RAW DATA:
▼
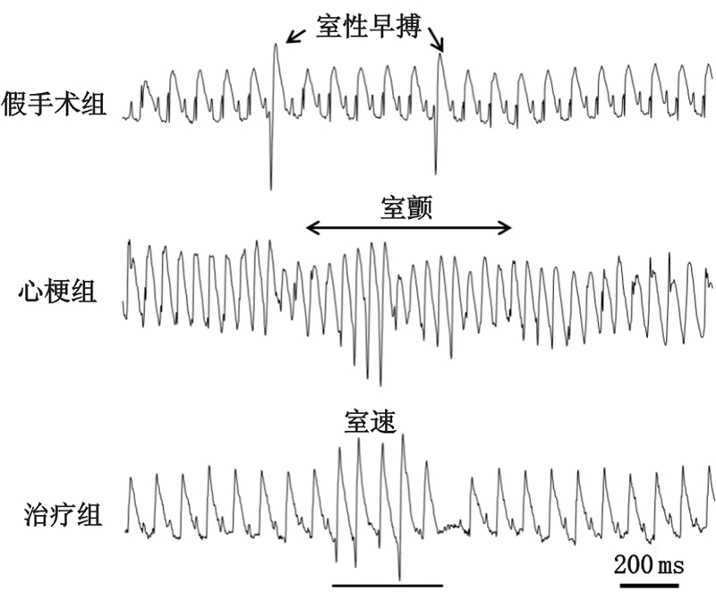 | 图 2 三组大鼠急性心梗后典型的室性心律失常表现 Fig.2 Typical VAs after myocardial infarction among three groups |
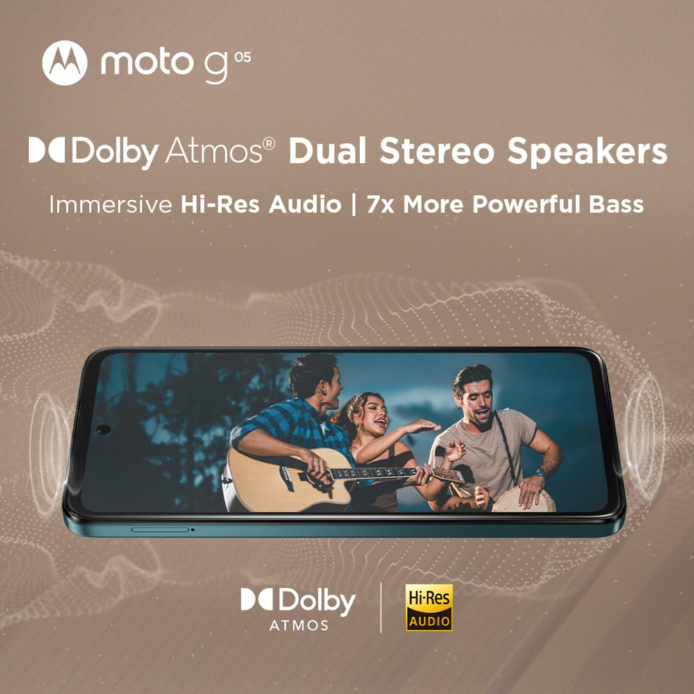Meet the Motorola G05 — a dependable everyday smartphone with style and substance. Its 6.67-inch display supports a 90 Hz refresh rate and delivers brightness up to 1000 nits, protected by Corning® Gorilla® Glass 3. The device features a sleek vegan leather back, IP52 water-repellent design, and refined build.
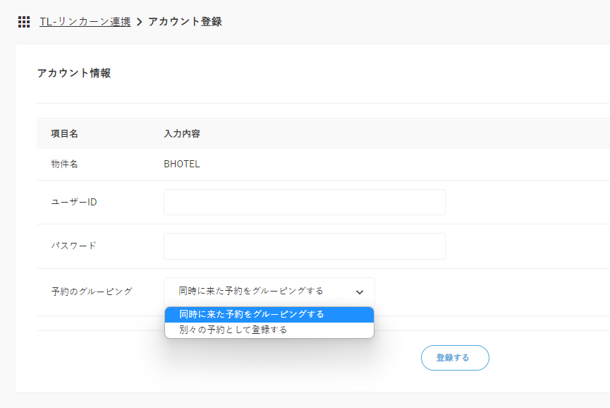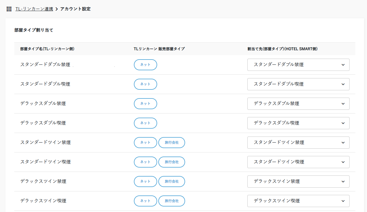 TLリンカーンから部屋タイプと予約経路の情報を取り込む作業が必要になります。
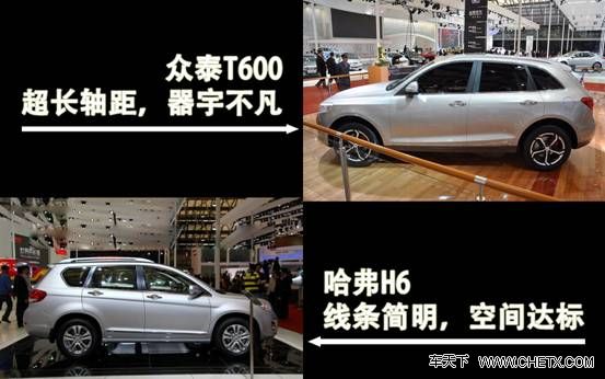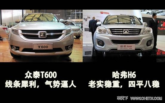 因为兼具轿车舒适性和越野车良好通过性,从去年到今年一季度,SUV一直保持了乘用车各细分市场第一位的增速。近日,自主品牌SUV聚焦上海车展,涌现出了比亚迪S6(报价 参数 图片 论坛)、帝豪(报价 参数 图片 论坛)EX7、华泰宝利格(报价 参数 图片 论坛)、荣威W5(报价 参数 图片 论坛)等一系列SUV新车型,其中,同样定位于B级城市SUV的众泰T600(报价 参数 图片 论坛)(产品代号B11,以下省略)和哈弗H6(报价 参数 图片 论坛)最为耀眼夺目,在此,就拿这两款新车进行全面对比,看看究竟是谁更加绅士,更加适合奔跑于城市的道路上。
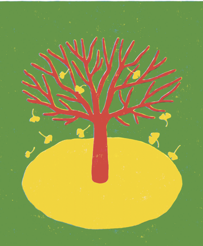 暑い日には涼しい木陰をつくってくれていたけれど、今では寒い日々に心をあたためてくれる、金色の影を落としている。ゲーテは、この「樹木の王」とも呼ばれるイチョウに詩を捧げた。二つに分かれたその葉を愛の象徴と見なし、「互いを選び、ひとつになろうとする二人」の姿をそこに重ねている。
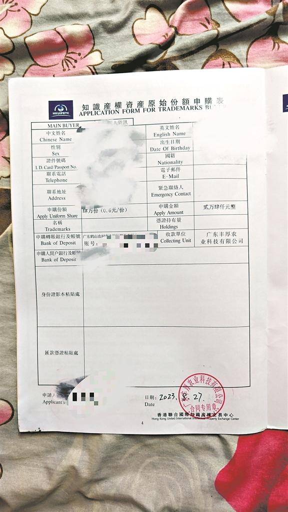 梁涛介绍,他母亲先后参与了两家公司的“投资”项目,一家名为“广东恰好教育投资股份有限公司”,另一家则叫“广东丰厚农业科技有限公司”。他出示了其中一家公司给他母亲提供的“知识产权资产原始份额申购表”,上面显示购入的金额为“贰万肆仟元”。“凡是涉及钱的项目,他们都会给我妈发语音、打电话或是面谈。”梁涛说,“迄今我母亲已经为此投入累计162000元,但每一笔费用都是不同的个人账户收的钱。”梁涛说,他已经将相关证据提供给警方。
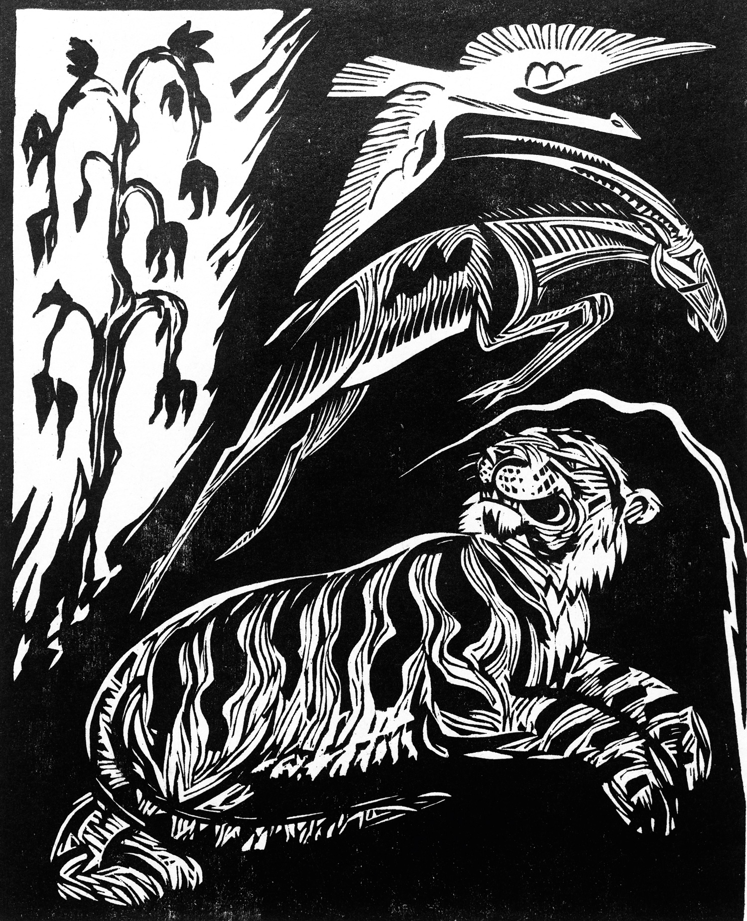 Puschkin, Alexander S. Der Antiar (Giftbaum). Mit 6 signierten Originalholzschnitten von W. Masjutin. 48 x 34,5 cm. OBroschur (berieben, fleckig und unterers Kapital mit Einriss) in Fadenbindung mit DTitel. Berlin, Newa, 1922.
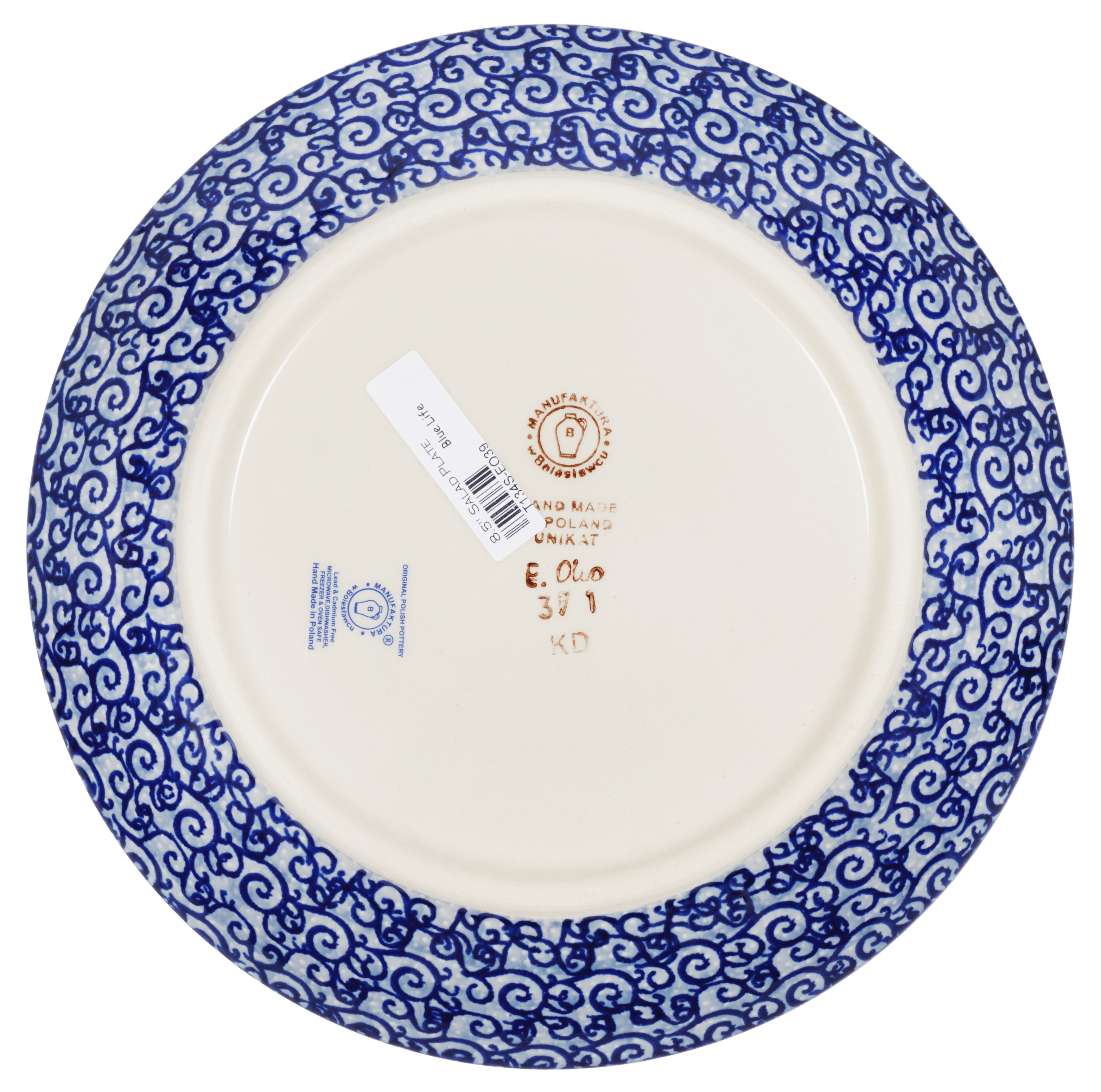 Introducing the exquisite Polish Pottery 8.5" Round Salad Plate by Manufaktura, in the captivating "Blue Life" pattern (EO39). This plate is not just perfect for salads, but it also knows how to bring out the best in your sandwiches, cookies, and desserts. Let's face it, everything loves to be served on Polish Pottery!
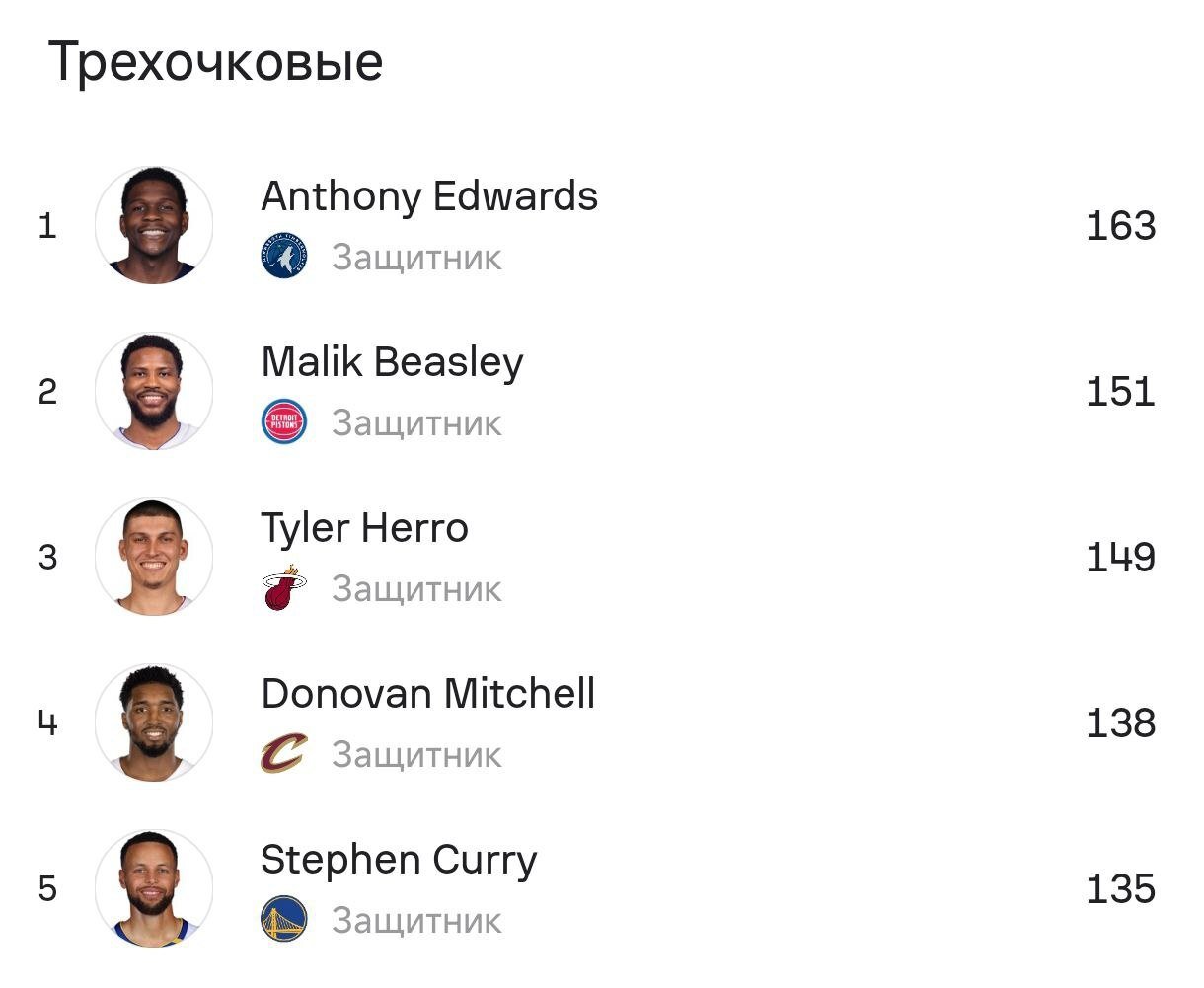 Новый король по трёшкам — Энтони Эдвардс из «Миннесоты», который опережает Карри ещё и по проценту попаданий (42,2% против 41%). Ночью снайперы столкнутся на одном паркете, но индивидуальный тотал дальних попаданий Стефена всё равно выше, даже на кольцах в Миннеаполисе — домашних для «Тимбервулвс».
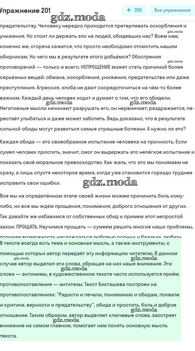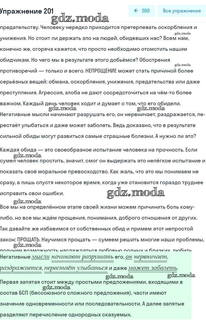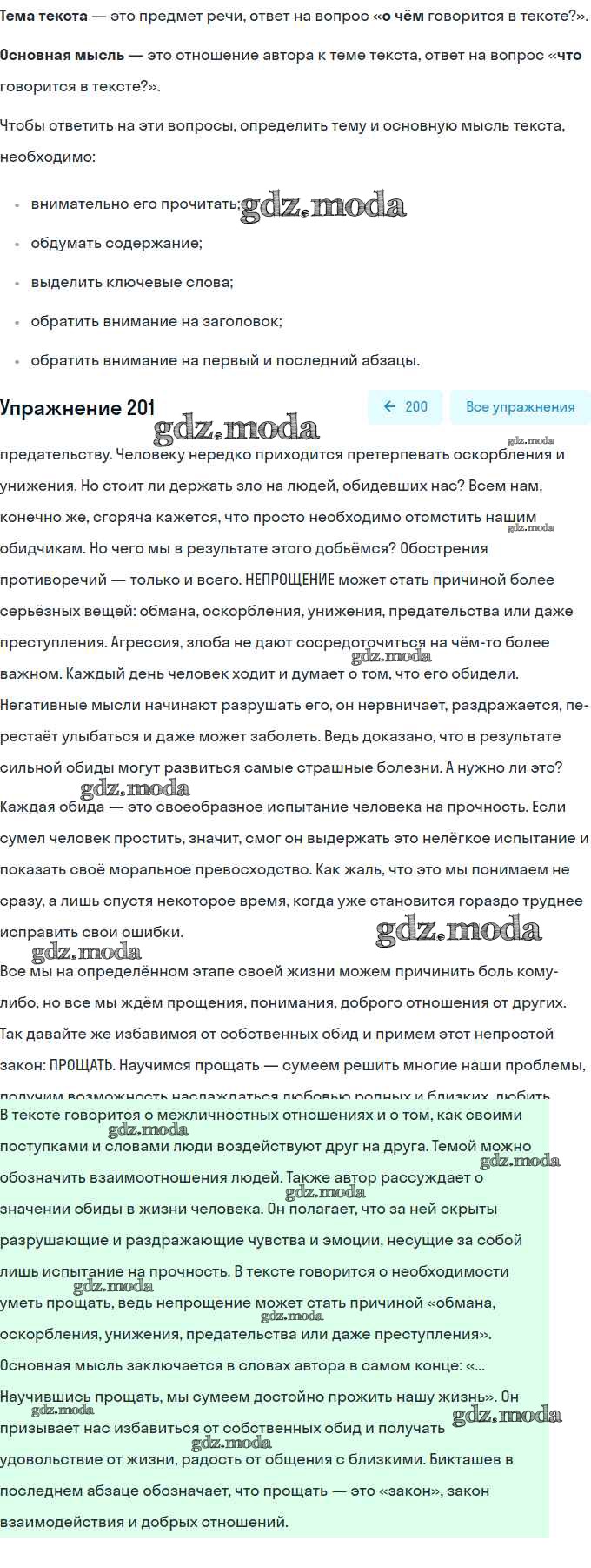 ГДЗ решение к заданию № 201 Русский язык 9 класс Рыбченкова Л.М. Просвещение 2018 ФГОС бесплатно на гдз.мода!
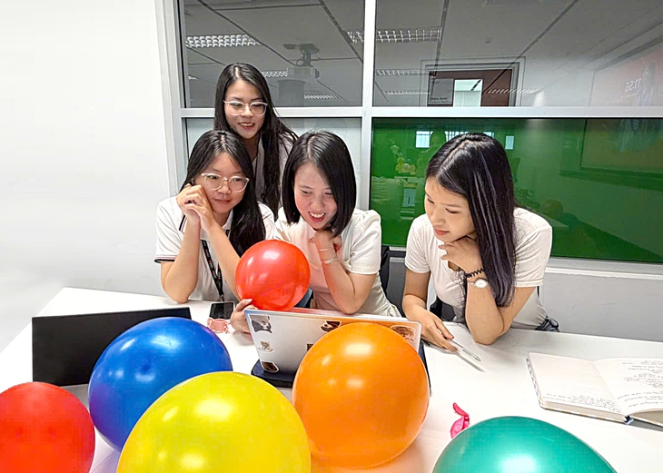 Ngọc Châu (thứ hai từ phải qua) luôn tràn ngập năng lượng tích cực, vui vẻ - Ảnh: T.TRUNG
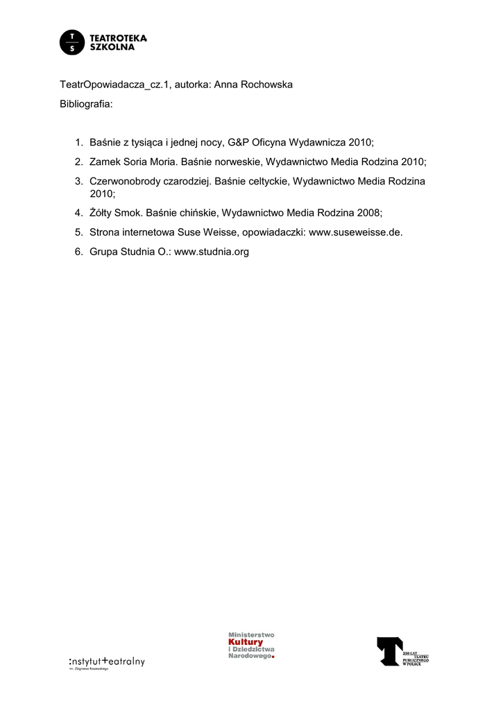 TeatrOpowiadacza_cz.1, autorka: Anna Rochowska Bibliografia: 1. Baśnie z tysiąca i jednej nocy, G&P Oficyna Wydawnicza 2010; 2. Zamek Soria Moria. Baśnie norweskie, Wydawnictwo Media Rodzina 2010; 3. Czerwonobrody czarodziej. Baśnie celtyckie, Wydawnictwo Media Rodzina 2010; 4. Żółty Smok. Baśnie chińskie, Wydawnictwo Media Rodzina 2008; 5. Strona internetowa Suse Weisse, opowiadaczki: www.suseweisse.de. 6. Grupa Studnia O.: www.studnia.org
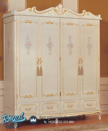 Almari Pakaian Mewah Klasik Jepara Terbaru – Produk furniture Almari Pakaian di Finishing menggunakan Aplikasi Finishing White combi Gold Duco (NC) berkualitas halus sehingga akan nampak mewah dan warna tidak mudah pudar sehingga sangat berkualitas.
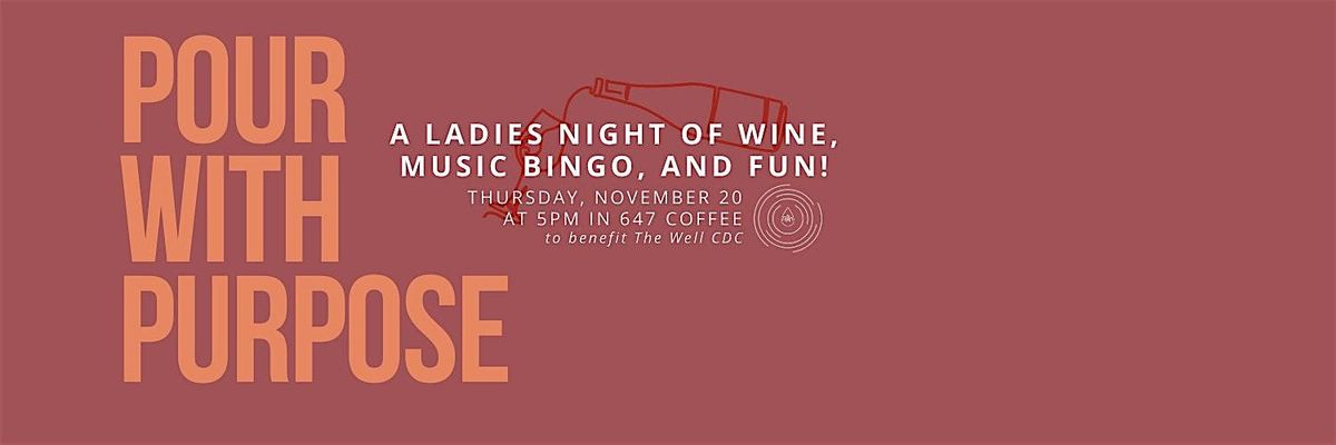 Join us at 647 Coffee for our Pour With Purpose Ladies Night with wine, appetizers, raffles, and several rounds of 90's & 2000's Music Bingo provided by Rock the Crowd Entertainment!
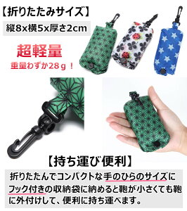【持ち運びに便利】 薄手で超軽量ながら頑丈で折り畳んで、付いたケースに収納すれば手のひらに納まります。
▲
TASK DETAILS:
Return the listing above unchanged, apart from dropping its pictures.

EXERCISE ANSWER:
 | 图 2 三组大鼠急性心梗后典型的室性心律失常表现 Fig.2 Typical VAs after myocardial infarction among three groups |
Meet the Motorola G05 — a dependable everyday smartphone with style and substance. Its 6.67-inch display supports a 90 Hz refresh rate and delivers brightness up to 1000 nits, protected by Corning® Gorilla® Glass 3. The device features a sleek vegan leather back, IP52 water-repellent design, and refined build.
 TLリンカーンから部屋タイプと予約経路の情報を取り込む作業が必要になります。
 因为兼具轿车舒适性和越野车良好通过性,从去年到今年一季度,SUV一直保持了乘用车各细分市场第一位的增速。近日,自主品牌SUV聚焦上海车展,涌现出了比亚迪S6(报价 参数 图片 论坛)、帝豪(报价 参数 图片 论坛)EX7、华泰宝利格(报价 参数 图片 论坛)、荣威W5(报价 参数 图片 论坛)等一系列SUV新车型,其中,同样定位于B级城市SUV的众泰T600(报价 参数 图片 论坛)(产品代号B11,以下省略)和哈弗H6(报价 参数 图片 论坛)最为耀眼夺目,在此,就拿这两款新车进行全面对比,看看究竟是谁更加绅士,更加适合奔跑于城市的道路上。
 暑い日には涼しい木陰をつくってくれていたけれど、今では寒い日々に心をあたためてくれる、金色の影を落としている。ゲーテは、この「樹木の王」とも呼ばれるイチョウに詩を捧げた。二つに分かれたその葉を愛の象徴と見なし、「互いを選び、ひとつになろうとする二人」の姿をそこに重ねている。
 梁涛介绍,他母亲先后参与了两家公司的“投资”项目,一家名为“广东恰好教育投资股份有限公司”,另一家则叫“广东丰厚农业科技有限公司”。他出示了其中一家公司给他母亲提供的“知识产权资产原始份额申购表”,上面显示购入的金额为“贰万肆仟元”。“凡是涉及钱的项目,他们都会给我妈发语音、打电话或是面谈。”梁涛说,“迄今我母亲已经为此投入累计162000元,但每一笔费用都是不同的个人账户收的钱。”梁涛说,他已经将相关证据提供给警方。
 Puschkin, Alexander S. Der Antiar (Giftbaum). Mit 6 signierten Originalholzschnitten von W. Masjutin. 48 x 34,5 cm. OBroschur (berieben, fleckig und unterers Kapital mit Einriss) in Fadenbindung mit DTitel. Berlin, Newa, 1922.
 Introducing the exquisite Polish Pottery 8.5" Round Salad Plate by Manufaktura, in the captivating "Blue Life" pattern (EO39). This plate is not just perfect for salads, but it also knows how to bring out the best in your sandwiches, cookies, and desserts. Let's face it, everything loves to be served on Polish Pottery!
 Новый король по трёшкам — Энтони Эдвардс из «Миннесоты», который опережает Карри ещё и по проценту попаданий (42,2% против 41%). Ночью снайперы столкнутся на одном паркете, но индивидуальный тотал дальних попаданий Стефена всё равно выше, даже на кольцах в Миннеаполисе — домашних для «Тимбервулвс».
 ГДЗ решение к заданию № 201 Русский язык 9 класс Рыбченкова Л.М. Просвещение 2018 ФГОС бесплатно на гдз.мода!
 Ngọc Châu (thứ hai từ phải qua) luôn tràn ngập năng lượng tích cực, vui vẻ - Ảnh: T.TRUNG
 TeatrOpowiadacza_cz.1, autorka: Anna Rochowska Bibliografia: 1. Baśnie z tysiąca i jednej nocy, G&P Oficyna Wydawnicza 2010; 2. Zamek Soria Moria. Baśnie norweskie, Wydawnictwo Media Rodzina 2010; 3. Czerwonobrody czarodziej. Baśnie celtyckie, Wydawnictwo Media Rodzina 2010; 4. Żółty Smok. Baśnie chińskie, Wydawnictwo Media Rodzina 2008; 5. Strona internetowa Suse Weisse, opowiadaczki: www.suseweisse.de. 6. Grupa Studnia O.: www.studnia.org
 Almari Pakaian Mewah Klasik Jepara Terbaru – Produk furniture Almari Pakaian di Finishing menggunakan Aplikasi Finishing White combi Gold Duco (NC) berkualitas halus sehingga akan nampak mewah dan warna tidak mudah pudar sehingga sangat berkualitas.
 Join us at 647 Coffee for our Pour With Purpose Ladies Night with wine, appetizers, raffles, and several rounds of 90's & 2000's Music Bingo provided by Rock the Crowd Entertainment!
【持ち運びに便利】 薄手で超軽量ながら頑丈で折り畳んで、付いたケースに収納すれば手のひらに納まります。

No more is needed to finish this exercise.